I came away so affirmed that I am where I should be. That’s nothing radical, but I think it was just having the confirmation that I’m on the right path, I’m striving after the right things, I’m honoring the Lord and stumbling two steps forward and one step back, and I’m leaning on Him to guide my steps.
I believe, for now, writing is absolutely my vocation, and I think for years I've wrestled with this idea of inadequacy in regards to my interests and passions. I knew I was passionate about writing and my faith but I really thought I kind of had to pick one – which meant I had to be noble and choose a career in vocational ministry if I really wanted to make an impact for the kingdom. But that's bad theology. There's a need for godly doctors and nurses and writers and lawyers and teachers just as much as there's a need for godly ministers of the faith. So instead of feeling like I was letting God down by choosing something "I" wanted instead of something I "believed" He wanted, I am finding that God is honored so greatly in my writing, no matter the form it takes on. It's like the scene in Chariots of Fire, which we watched over the weekend, where the main character, Eric Liddell, says, "When I run, I feel God's pleasure." I don't know if I have experienced this feeling to the degree Eric has, but I do feel God's pleasure in ways when I write. It happens naturally; almost without effort. God has gifted me to write, and to neglect and run from that would be a severe slap in the face of the plans God has for me. It's like choosing Gage's plans over God's plans when presented with the choice at the buffet line. I thank God for his ever-abounding patience with me.

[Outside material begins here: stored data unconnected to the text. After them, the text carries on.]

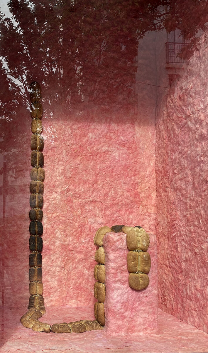 Un long pâton est comprimé par des colliers de fixation en acier double. Passé au four, le pain gonfle sous la contrainte des corps étrangers. Vue de l’exposition vitrine Outdoor is Indoor, Zoo galerie, Nantes
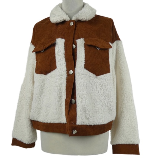 Dámska bielo-hrdzavá huňato/manšestrová košeľová bunda
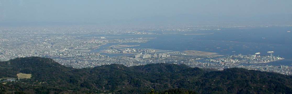 中腹から眺める六甲アイランド。 ここには、神戸ファッション美術館や、 小磯良平美術館、おしゃれなショッピング街、 映画館、それにおいしいレストランなど。。。 横浜のみなとみらい、に雰囲気が似てて、 湾岸線のドライブコース。 |
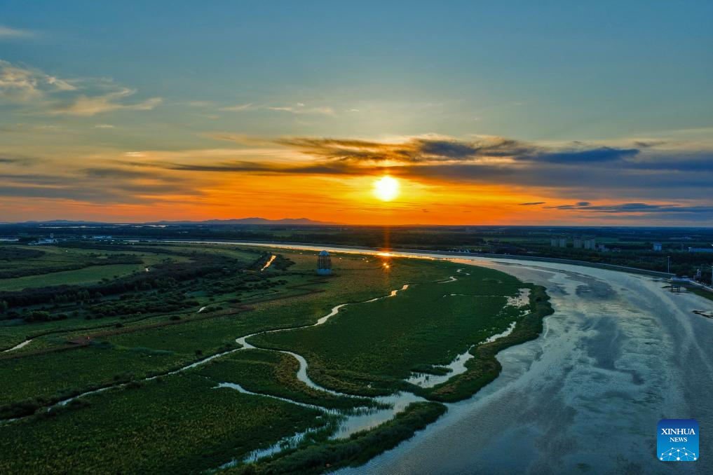 BEIJING, 4 julio, 2025 (Xinhua) -- Vista aérea tomada con un dron el 4 de julio de 2025 del sol saliendo en el área de turismo ecológico de Sanjiangkou, en la ciudad de Tongjiang, en la provincia de Heilongjiang, en el noreste de China. La Tierra pasó el afelio el 4 de julio, que es el momento del año cuando la Tierra está más lejos del Sol, y su diámetro aparente es el más pequeño en el año. (Xinhua/Liu Wanping)
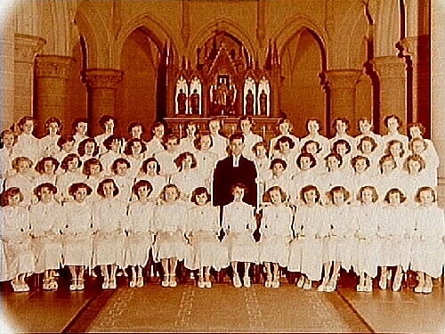 Konfirmander, 57 flickor och kyrkoadjunkt Inge Lagerstedt.
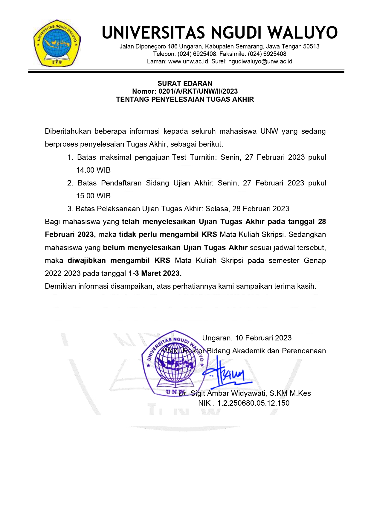 Telah disahkan sebagai Mahasiswa Universitas Ngudi Waluyo, di Ungaran, Maret 2023 oleh Rektor Universitas Ngudi Waluyo. Prof. Dr. Subyantoro, M.Hum.
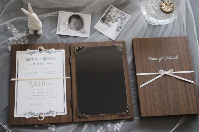 幼い頃のお写真&前撮りなどのお写真を添えても。
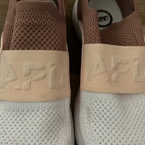 Gently used, dirts on soles and some marks on white mesh and light pink. Have not been washed. The ultimate intersection of luxury and performance, the TechLoom Bliss running shoe travels with you through all aspects of your life. Over two years in the making and APL’s lightest running shoe ever, it features a stunning slip-on design and custom elastic strap that allows for quick ingress and egress providing the ultimate comfort and a seamless fit. Perfect for travel, the Bliss uses APL’s proprietary Propelium® technology, designed to maximize energy generation and provide superior comfort while it maintains midsole structural integrity longer than conventional EVA. Upper: Polyester, Synthetic, Thermoplastic Polyurethane; Sole: EVA, Rubber Round toe Flat Pull-on Imported
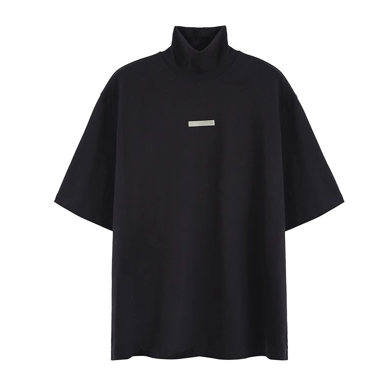 하프 하이 칼라 솔리드 컬러 반팔 티셔츠 남성용 여름 하이 엔드 센스 헤어 스타일리스트 트렌디 브랜드 남성용 간단한 내베이스 셔츠
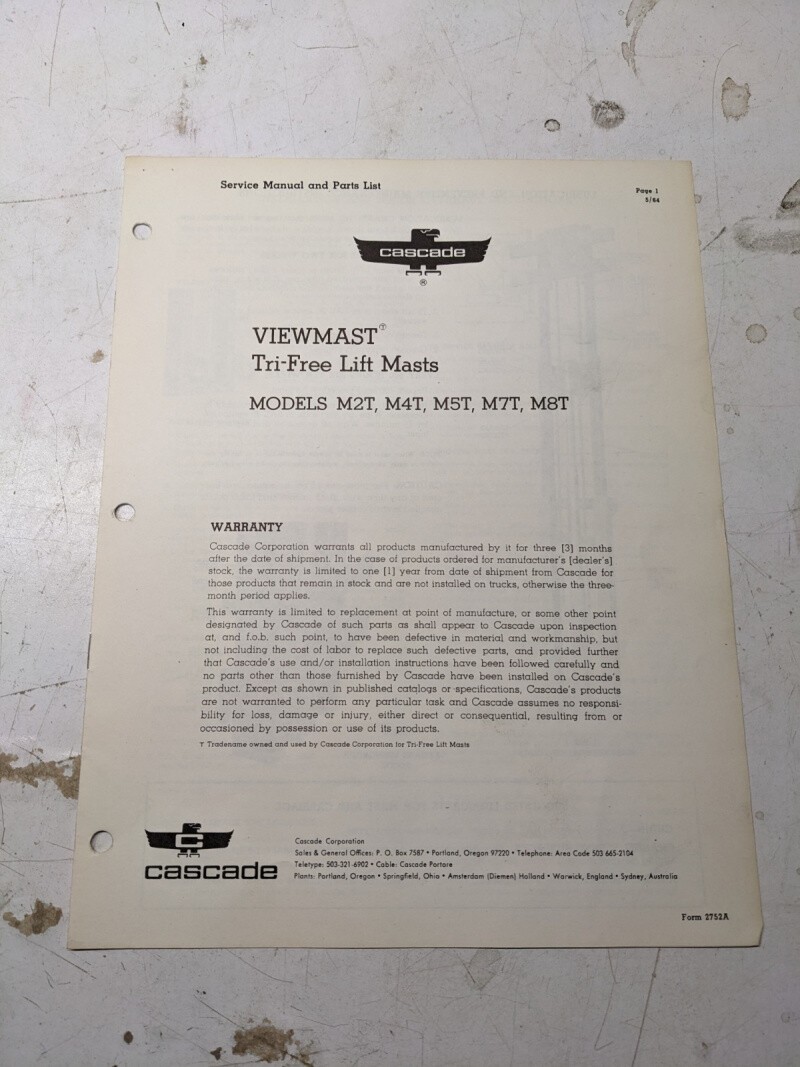 Cascade User Service Manual Parts List M2T M4T M5T M7T M8T 1964 Viewmast
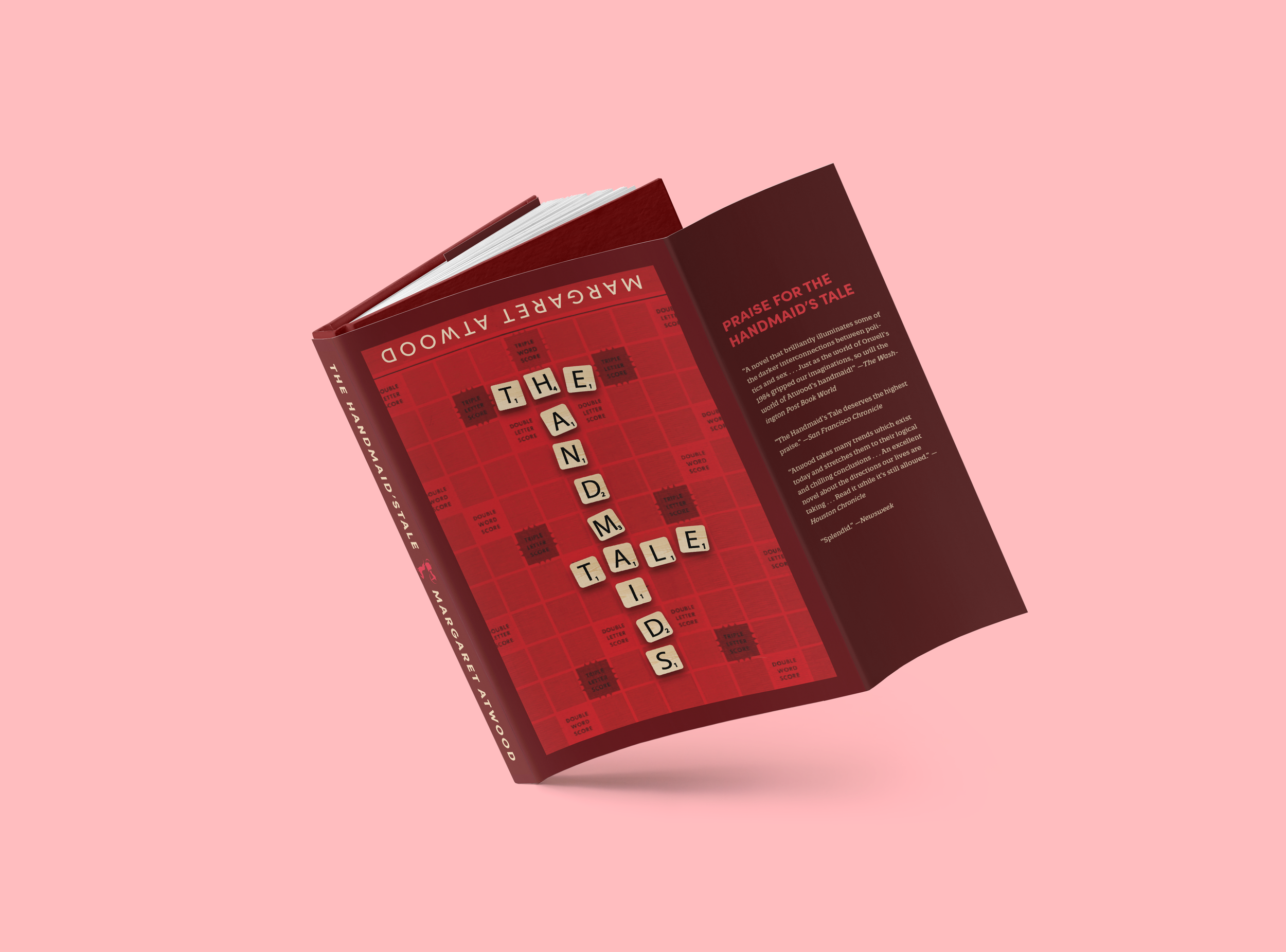 For this project, I was prompted to redesign the cover of a classic novel with a focus on type design. I chose the Handmaid’s Tale and was eager to explore typography within a book that centered around the censorship of the written word. My design was inspired by the games of Scrabble played between Offred and the Commander, a symbol of rebellion and the power of language throughout the novel.

And that's so freeing to me. It's like the bridle has been taken off. I don't have to worry about finding the exact perfect job, but instead can rest assured there's many jobs I can use to honor God in both word and deed that can help to reaffirm dignity in others and bring about redemptive restoration to a dying and broken world. Those are some of the sweetest words I've ever typed in my life. They put a smile on my face as I look back and read them.
We took three tests total, one that monitored how we work in team settings, one that identified a few good career paths we matched with aptitude-wise, and one that pointed out what specifically we enjoy about work and what roles we enjoy playing the most and for which reasons. It was affirming, mostly, to me because nothing really caught me off guard with the responses. I more or less nodded and let out a "hmm" after reading my report. It was spot on. And being able to identify some of these tendencies for me and putting some verbage on them was so key. I think I've known what I enjoy in work, and I know the roles I naturally gravitate toward, but for the first time I think I understood a little bit of the philosophy behind why I lean those directors.
And, I'll be completely honest, hiking through the hills of Tennessee with some of your best friends and just living life alongside one another in the mountains is always a sweet way to spend a weekend.
I think many of the Fellows are still pondering what’s next for them when they step out of the boat after Fellows, but I think each of us found a lot of comfort in knowing that we’re made in God’s image and gifted to make an impact on making all things new in this world. And if that’s not encouragement to step boldly into the unknown that awaits over the next few months, then I don’t know what is.